Text-to-Image Diffusion Models are Zero Shot Classifiers

Part of Advances in Neural Information Processing Systems 36 (NeurIPS 2023) Main Conference Track

Bibtex Paper Supplemental


Kevin Clark, Priyank Jaini


The excellent generative capabilities of text-to-image diffusion models suggest they learn informative representations of image-text data.However, what knowledge their representations capture is not fully understood, and they have not been thoroughly explored on downstream tasks.We investigate diffusion models by proposing a method for evaluating them as zero-shot classifiers.The key idea is using a diffusion model's ability to denoise a noised image given a text description of a label as a proxy for that label's likelihood.We apply our method to Stable Diffusion and Imagen, using it to probe fine-grained aspects of the models' knowledge and comparing them with CLIP's zero-shot abilities.
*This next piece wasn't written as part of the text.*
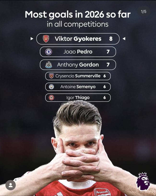 최근 요케레스의 득점력이 매우 상승했다. 올해 치른 모든 경기에서 8골을 득점했는데, 이는 프리미어리그 공격수 중 가장 많은 득점이다. 첼시의 주앙 페드루와 뉴캐슬 유나이티드의 앤서니 고든이 7골로 공동 2위를 차지했고, 웨스트햄 유나이티드의 크리센시오 서머빌, 맨시티의 앙투안 세메뇨, 브렌트포드의 이고르 치아구가 6골로 공동 3위를 차지했다.

They perform competitively with CLIP on a wide range of zero-shot image classification datasets. Additionally, they achieve state-of-the-art results on shape/texture bias tests and can successfully perform attribute binding while CLIP cannot.Although generative pre-training is prevalent in NLP, visual foundation models often use other methods such as contrastive learning. Based on our findings, we argue that generative pre-training should be explored as a compelling alternative for vision and vision-language problems.